╭─ Task material
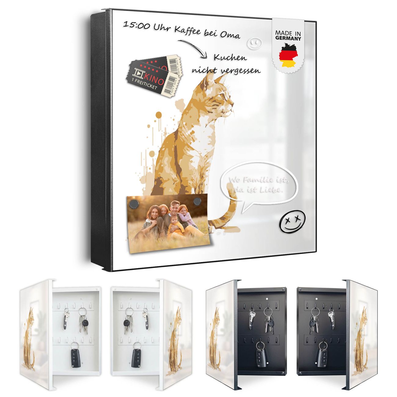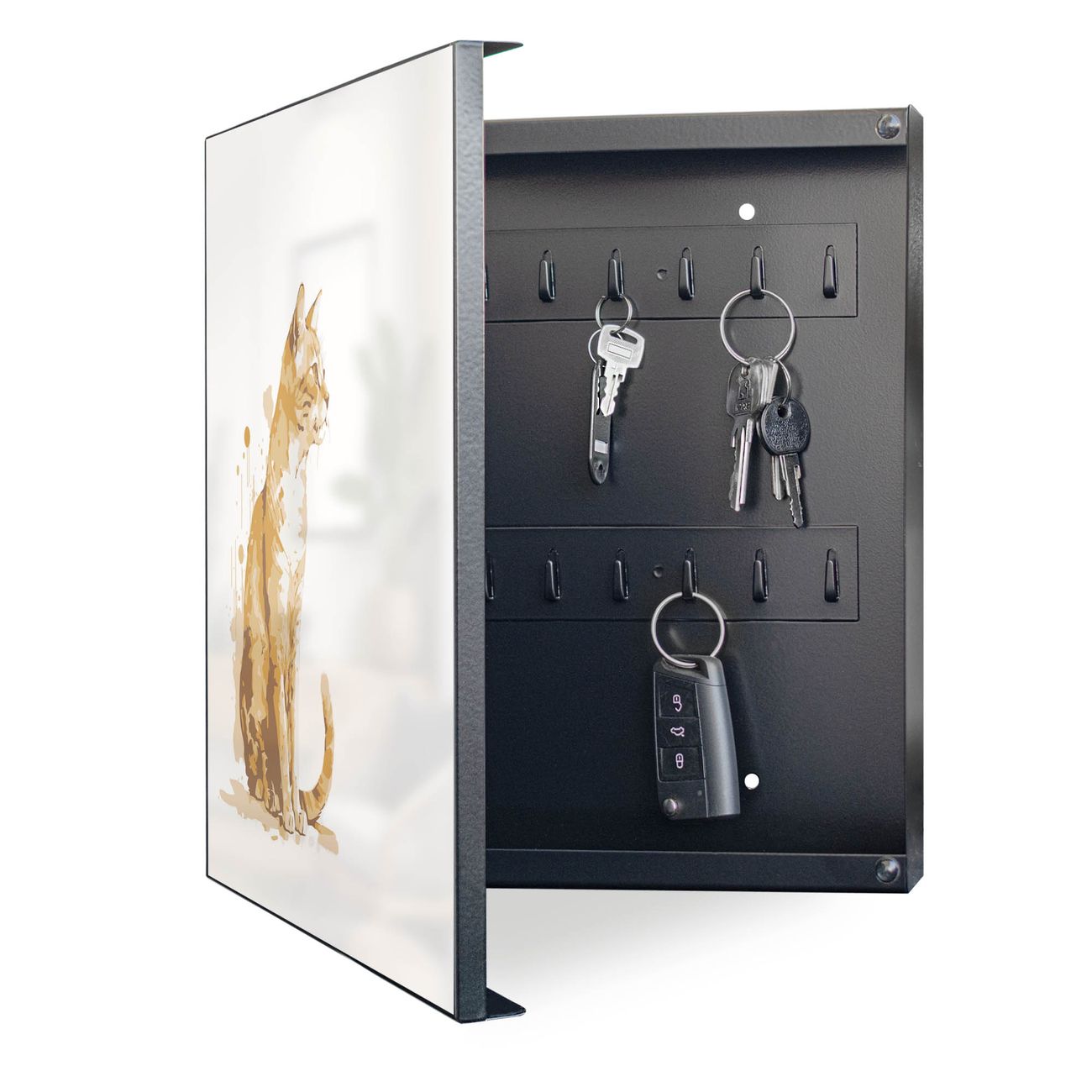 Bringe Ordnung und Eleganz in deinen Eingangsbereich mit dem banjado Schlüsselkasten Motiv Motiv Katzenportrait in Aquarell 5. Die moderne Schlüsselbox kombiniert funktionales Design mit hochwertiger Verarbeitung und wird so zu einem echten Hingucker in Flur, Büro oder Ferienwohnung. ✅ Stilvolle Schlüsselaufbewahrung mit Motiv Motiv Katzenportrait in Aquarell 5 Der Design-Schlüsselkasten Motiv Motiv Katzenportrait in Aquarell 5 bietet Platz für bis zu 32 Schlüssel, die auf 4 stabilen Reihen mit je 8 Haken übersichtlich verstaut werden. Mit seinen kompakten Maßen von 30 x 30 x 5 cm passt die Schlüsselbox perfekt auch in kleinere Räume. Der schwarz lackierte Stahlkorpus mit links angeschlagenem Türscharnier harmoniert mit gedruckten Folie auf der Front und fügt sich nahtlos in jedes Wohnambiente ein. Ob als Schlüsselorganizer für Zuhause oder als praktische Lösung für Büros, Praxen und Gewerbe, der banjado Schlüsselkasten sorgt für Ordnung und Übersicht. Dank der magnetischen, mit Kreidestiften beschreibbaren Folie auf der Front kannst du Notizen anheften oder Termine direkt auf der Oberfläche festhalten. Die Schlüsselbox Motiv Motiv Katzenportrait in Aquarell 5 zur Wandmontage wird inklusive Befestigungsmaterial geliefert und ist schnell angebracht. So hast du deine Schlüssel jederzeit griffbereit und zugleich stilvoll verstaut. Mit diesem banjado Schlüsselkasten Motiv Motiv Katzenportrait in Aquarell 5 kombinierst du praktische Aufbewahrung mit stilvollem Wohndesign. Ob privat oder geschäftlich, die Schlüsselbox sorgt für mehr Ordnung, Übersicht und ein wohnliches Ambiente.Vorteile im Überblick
╰─
╭─ Task material
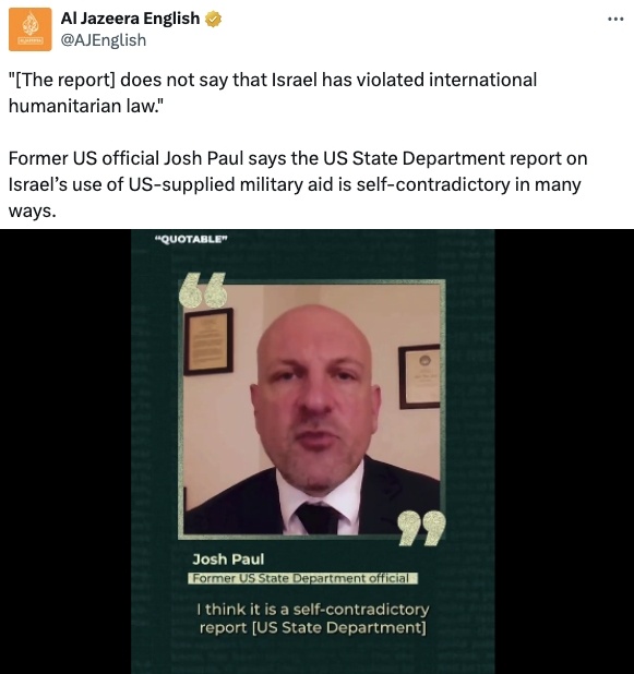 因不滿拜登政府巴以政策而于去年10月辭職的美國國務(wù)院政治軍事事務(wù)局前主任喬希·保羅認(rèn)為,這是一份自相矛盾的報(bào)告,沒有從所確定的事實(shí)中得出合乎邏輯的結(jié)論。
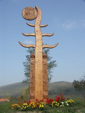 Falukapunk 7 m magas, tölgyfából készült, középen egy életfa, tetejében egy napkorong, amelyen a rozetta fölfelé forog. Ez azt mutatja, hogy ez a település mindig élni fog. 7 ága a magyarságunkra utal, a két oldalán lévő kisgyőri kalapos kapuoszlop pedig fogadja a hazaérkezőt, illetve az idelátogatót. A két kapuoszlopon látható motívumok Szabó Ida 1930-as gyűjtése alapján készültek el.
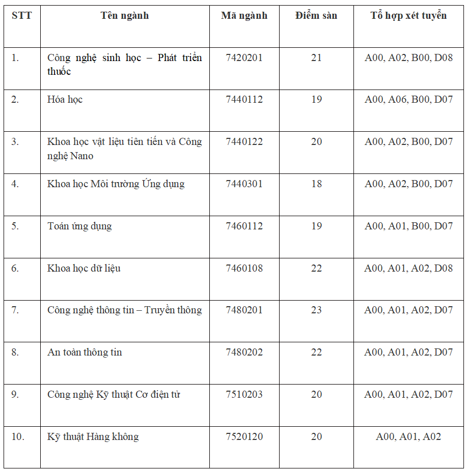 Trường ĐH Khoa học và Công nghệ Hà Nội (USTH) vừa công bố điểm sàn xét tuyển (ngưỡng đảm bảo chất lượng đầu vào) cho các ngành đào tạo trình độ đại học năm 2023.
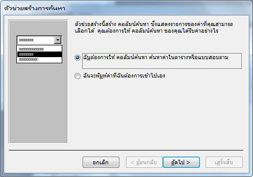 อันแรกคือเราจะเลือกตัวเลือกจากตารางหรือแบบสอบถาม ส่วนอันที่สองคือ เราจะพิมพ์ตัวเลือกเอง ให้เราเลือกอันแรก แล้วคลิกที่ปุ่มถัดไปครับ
╰─
╭─ Task material
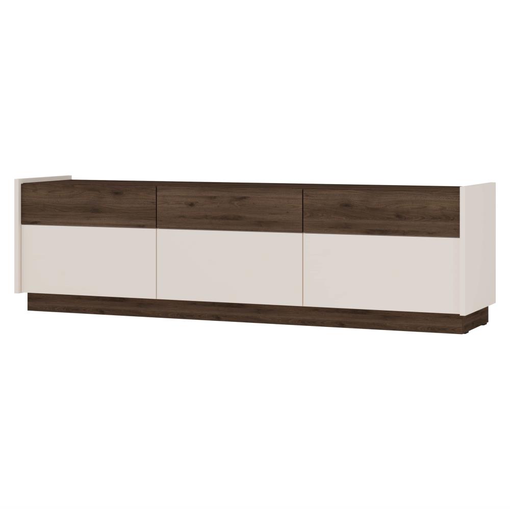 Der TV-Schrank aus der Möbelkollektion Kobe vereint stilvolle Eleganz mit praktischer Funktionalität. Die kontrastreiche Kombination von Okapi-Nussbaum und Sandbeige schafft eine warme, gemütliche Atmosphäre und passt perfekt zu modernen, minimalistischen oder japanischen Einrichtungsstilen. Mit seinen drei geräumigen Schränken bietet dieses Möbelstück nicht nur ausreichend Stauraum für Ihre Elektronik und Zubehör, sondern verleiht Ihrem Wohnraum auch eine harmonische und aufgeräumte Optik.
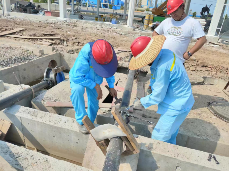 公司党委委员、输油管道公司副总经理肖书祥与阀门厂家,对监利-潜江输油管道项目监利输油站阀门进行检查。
╰─
What to work on ->
Print an exact copy of the lines above, from the one containing "Falukapunk 7 m" through the one containing "เราจะพิมพ์ตัวเลือกเอง ให้เราเลือกอันแรก แล้วคลิกที่ปุ่มถัดไปครับ", and leave out the pictures.

Exercise response ->
 Falukapunk 7 m magas, tölgyfából készült, középen egy életfa, tetejében egy napkorong, amelyen a rozetta fölfelé forog. Ez azt mutatja, hogy ez a település mindig élni fog. 7 ága a magyarságunkra utal, a két oldalán lévő kisgyőri kalapos kapuoszlop pedig fogadja a hazaérkezőt, illetve az idelátogatót. A két kapuoszlopon látható motívumok Szabó Ida 1930-as gyűjtése alapján készültek el.
 Trường ĐH Khoa học và Công nghệ Hà Nội (USTH) vừa công bố điểm sàn xét tuyển (ngưỡng đảm bảo chất lượng đầu vào) cho các ngành đào tạo trình độ đại học năm 2023.
 อันแรกคือเราจะเลือกตัวเลือกจากตารางหรือแบบสอบถาม ส่วนอันที่สองคือ เราจะพิมพ์ตัวเลือกเอง ให้เราเลือกอันแรก แล้วคลิกที่ปุ่มถัดไปครับ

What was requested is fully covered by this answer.